Apart from the pictures, print the data below exactly as given.

**Data below**

*** Block opens ***

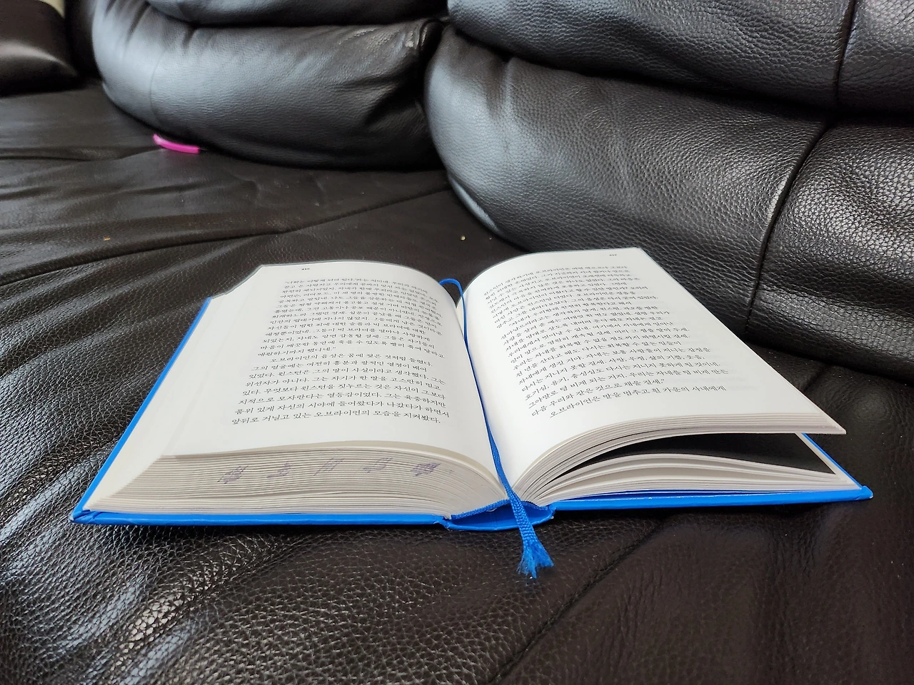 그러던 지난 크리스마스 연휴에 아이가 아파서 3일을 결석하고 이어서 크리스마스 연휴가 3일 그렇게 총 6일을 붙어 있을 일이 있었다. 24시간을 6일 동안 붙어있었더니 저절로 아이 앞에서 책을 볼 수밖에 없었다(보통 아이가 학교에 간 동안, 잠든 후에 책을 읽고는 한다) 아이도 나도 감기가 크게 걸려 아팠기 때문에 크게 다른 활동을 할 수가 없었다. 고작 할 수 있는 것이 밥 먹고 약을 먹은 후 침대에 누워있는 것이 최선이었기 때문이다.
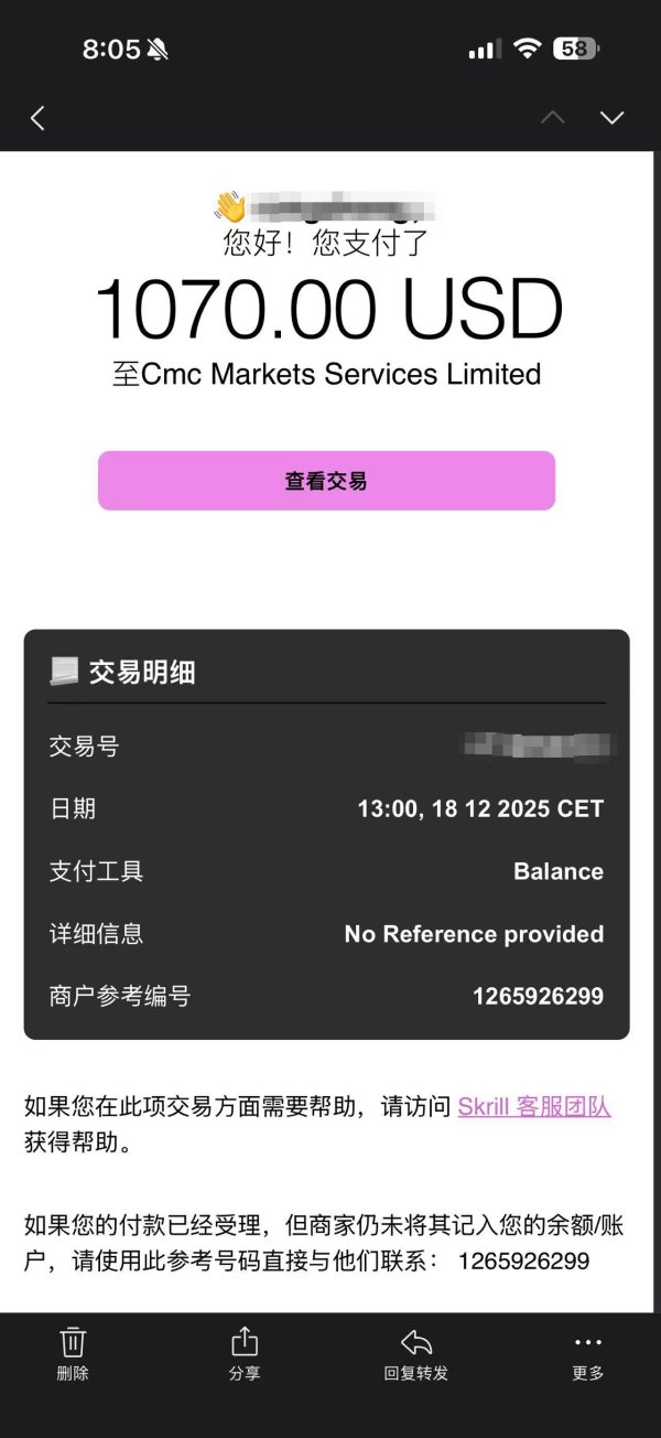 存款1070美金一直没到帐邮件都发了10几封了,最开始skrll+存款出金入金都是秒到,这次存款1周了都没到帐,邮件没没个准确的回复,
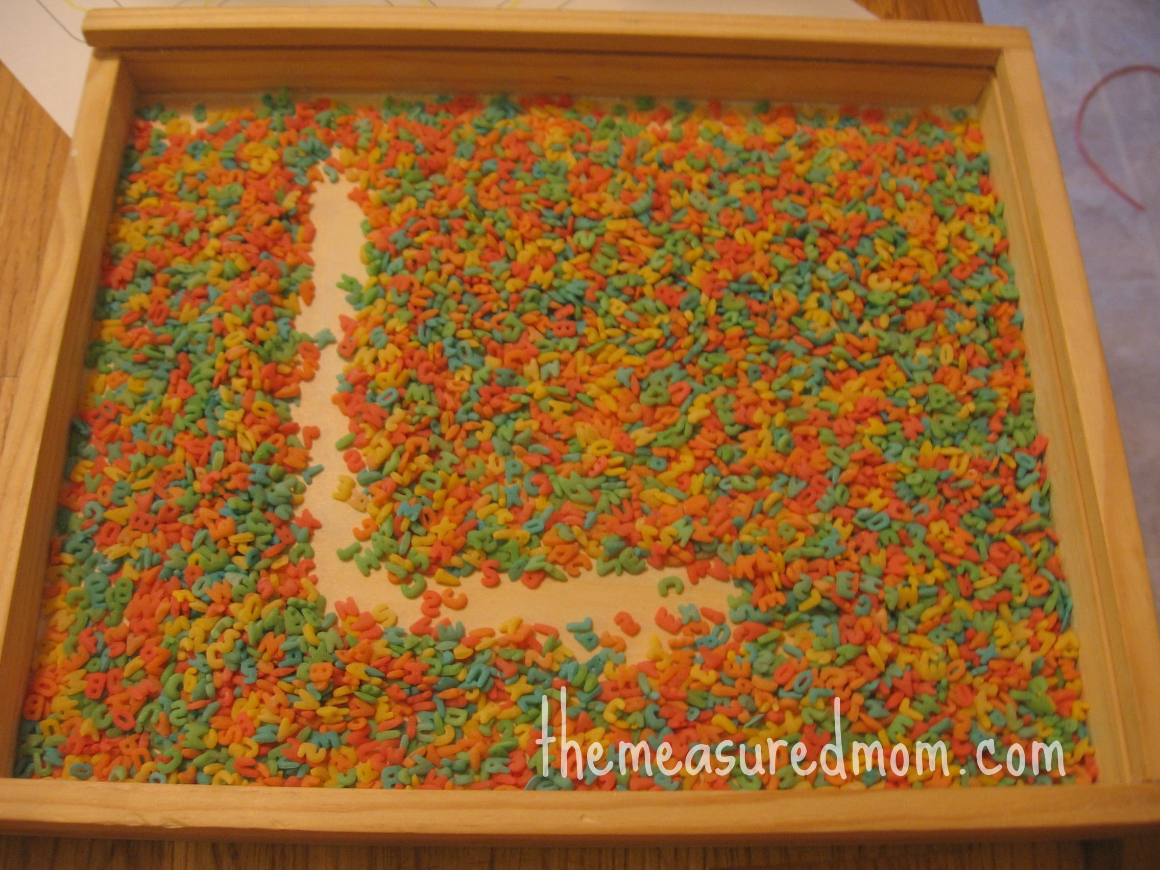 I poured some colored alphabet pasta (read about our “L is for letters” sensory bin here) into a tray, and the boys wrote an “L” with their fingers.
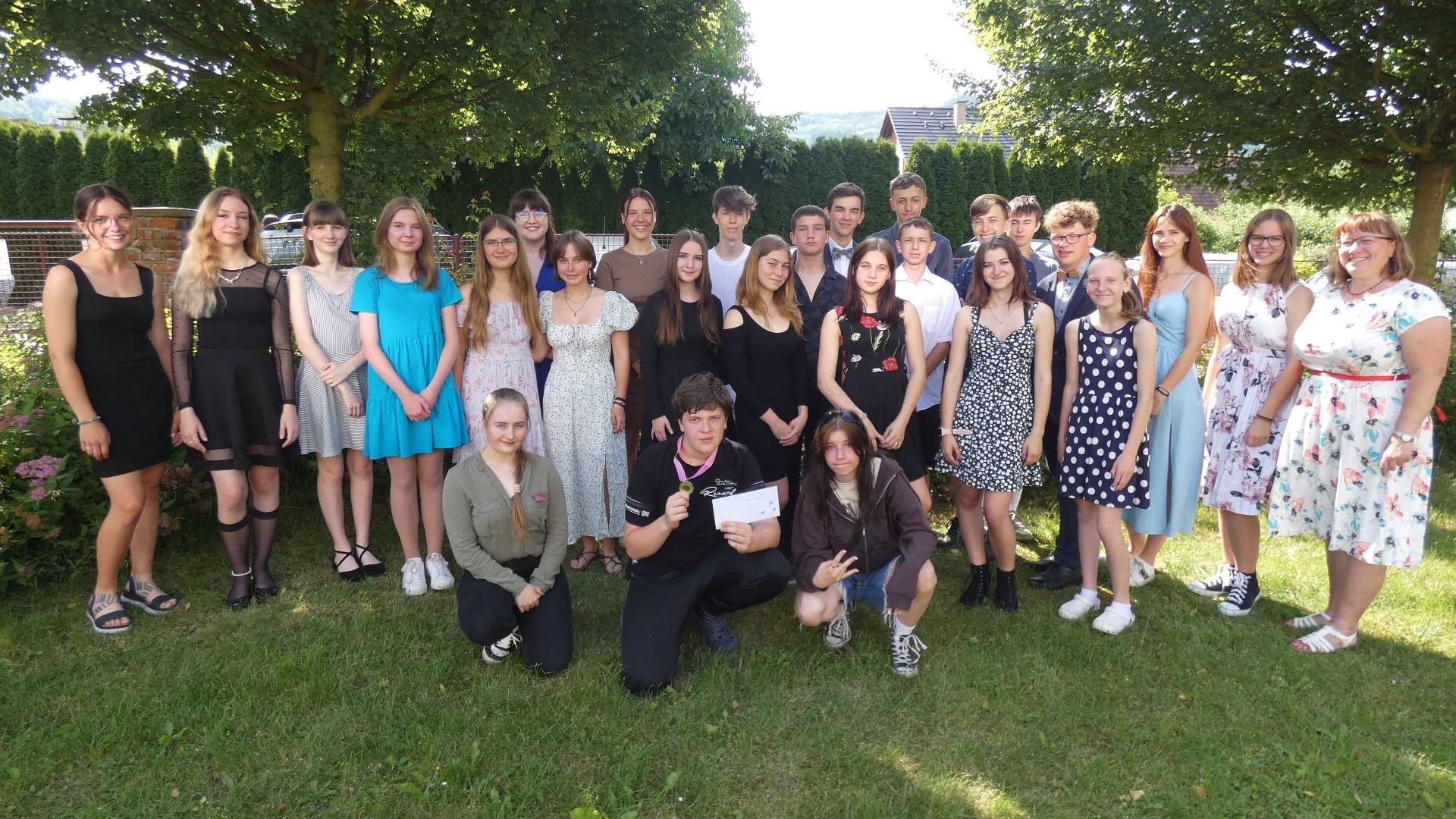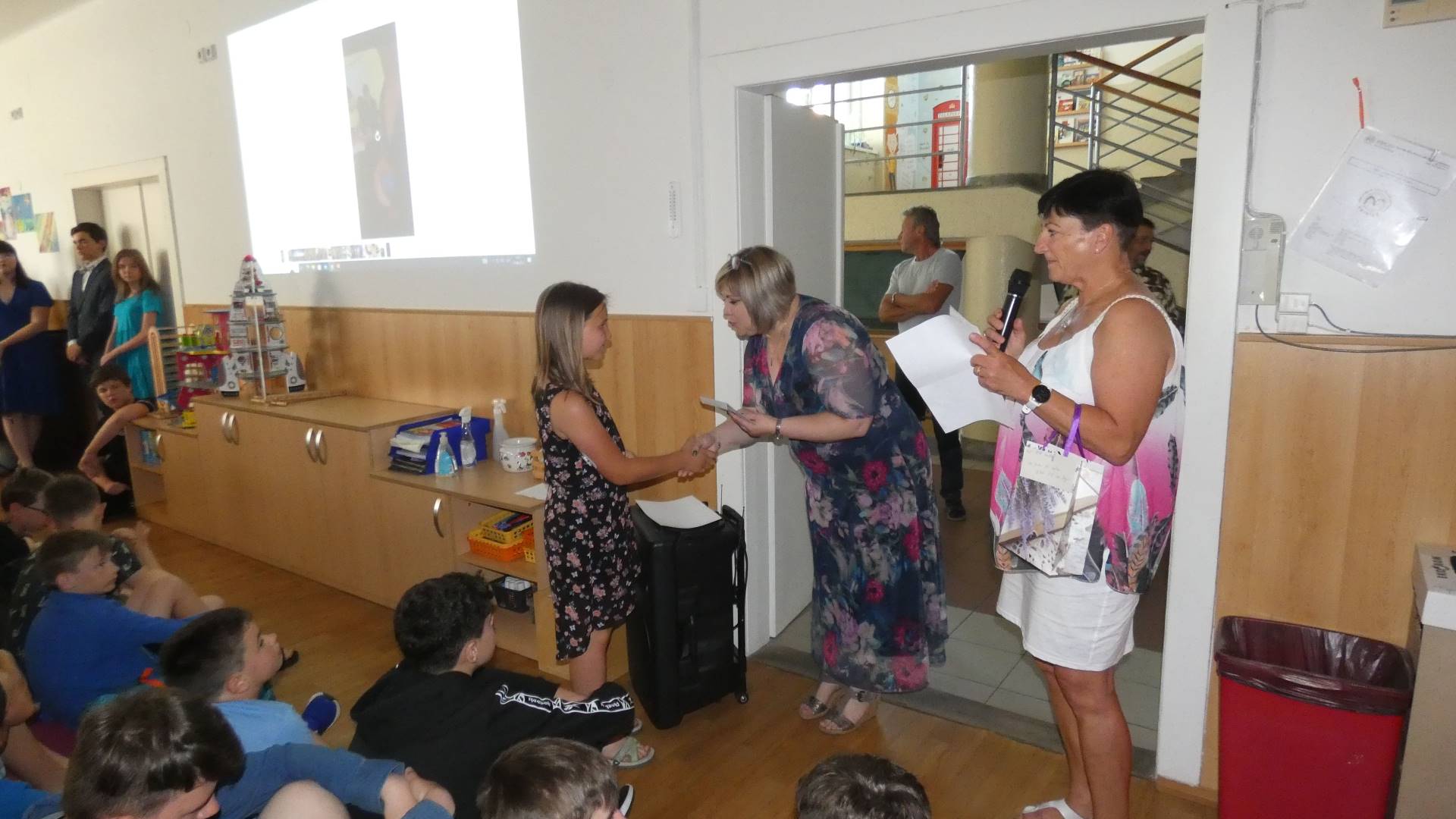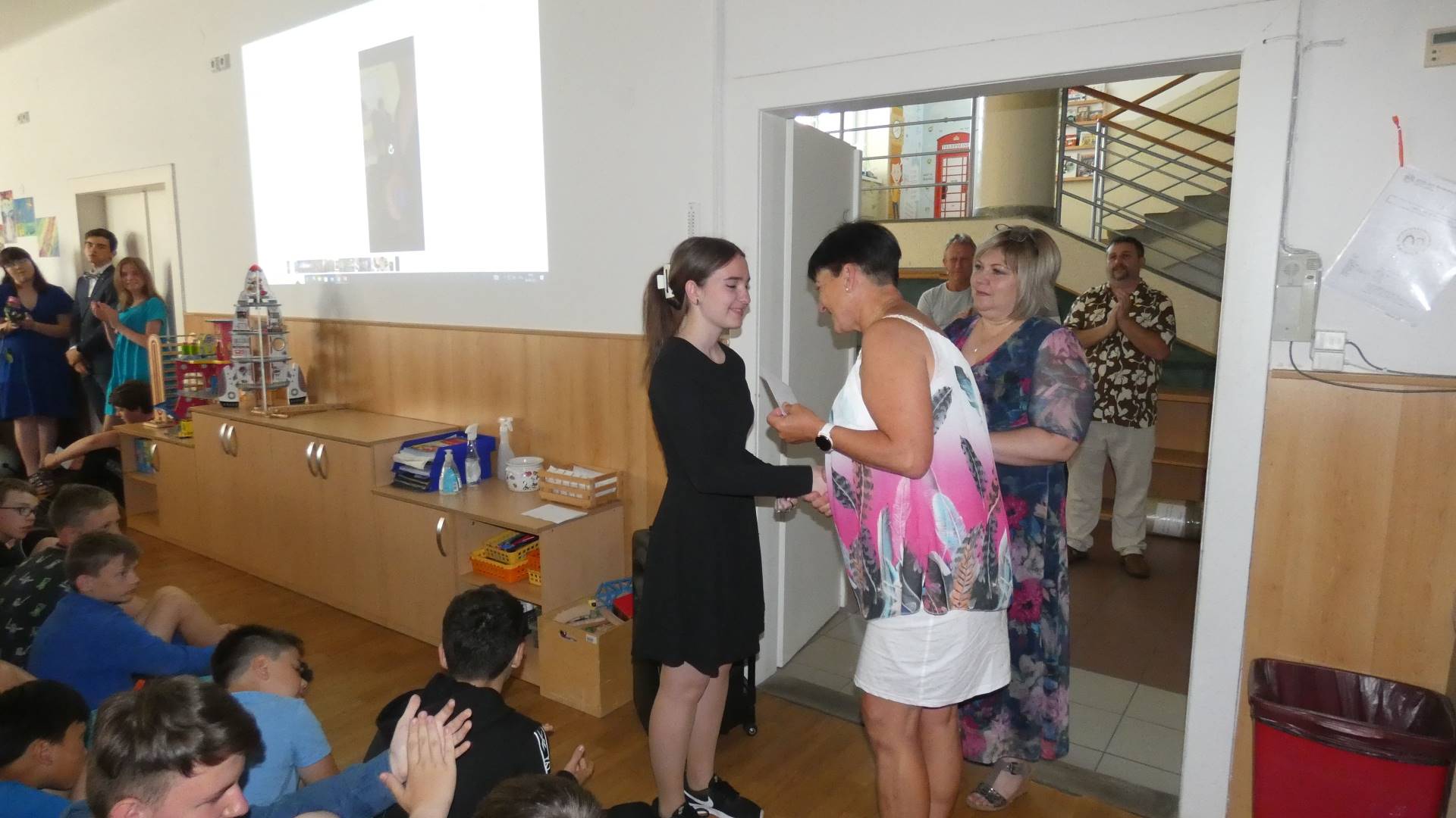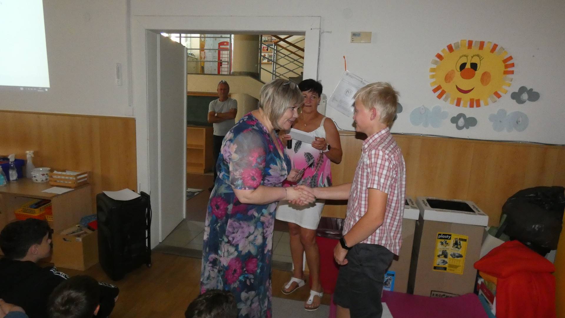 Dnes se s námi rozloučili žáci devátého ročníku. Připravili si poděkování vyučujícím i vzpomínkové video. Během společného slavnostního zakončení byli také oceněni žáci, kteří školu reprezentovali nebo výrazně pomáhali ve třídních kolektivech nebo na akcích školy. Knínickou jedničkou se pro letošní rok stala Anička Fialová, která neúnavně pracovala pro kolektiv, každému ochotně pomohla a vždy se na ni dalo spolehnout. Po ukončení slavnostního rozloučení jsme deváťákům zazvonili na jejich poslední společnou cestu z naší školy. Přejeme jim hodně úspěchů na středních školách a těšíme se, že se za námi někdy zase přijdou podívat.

*** Block closes ***

**Output for this exercise**
 그러던 지난 크리스마스 연휴에 아이가 아파서 3일을 결석하고 이어서 크리스마스 연휴가 3일 그렇게 총 6일을 붙어 있을 일이 있었다. 24시간을 6일 동안 붙어있었더니 저절로 아이 앞에서 책을 볼 수밖에 없었다(보통 아이가 학교에 간 동안, 잠든 후에 책을 읽고는 한다) 아이도 나도 감기가 크게 걸려 아팠기 때문에 크게 다른 활동을 할 수가 없었다. 고작 할 수 있는 것이 밥 먹고 약을 먹은 후 침대에 누워있는 것이 최선이었기 때문이다.
 存款1070美金一直没到帐邮件都发了10几封了,最开始skrll+存款出金入金都是秒到,这次存款1周了都没到帐,邮件没没个准确的回复,
 I poured some colored alphabet pasta (read about our “L is for letters” sensory bin here) into a tray, and the boys wrote an “L” with their fingers.
 Dnes se s námi rozloučili žáci devátého ročníku. Připravili si poděkování vyučujícím i vzpomínkové video. Během společného slavnostního zakončení byli také oceněni žáci, kteří školu reprezentovali nebo výrazně pomáhali ve třídních kolektivech nebo na akcích školy. Knínickou jedničkou se pro letošní rok stala Anička Fialová, která neúnavně pracovala pro kolektiv, každému ochotně pomohla a vždy se na ni dalo spolehnout. Po ukončení slavnostního rozloučení jsme deváťákům zazvonili na jejich poslední společnou cestu z naší školy. Přejeme jim hodně úspěchů na středních školách a těšíme se, že se za námi někdy zase přijdou podívat.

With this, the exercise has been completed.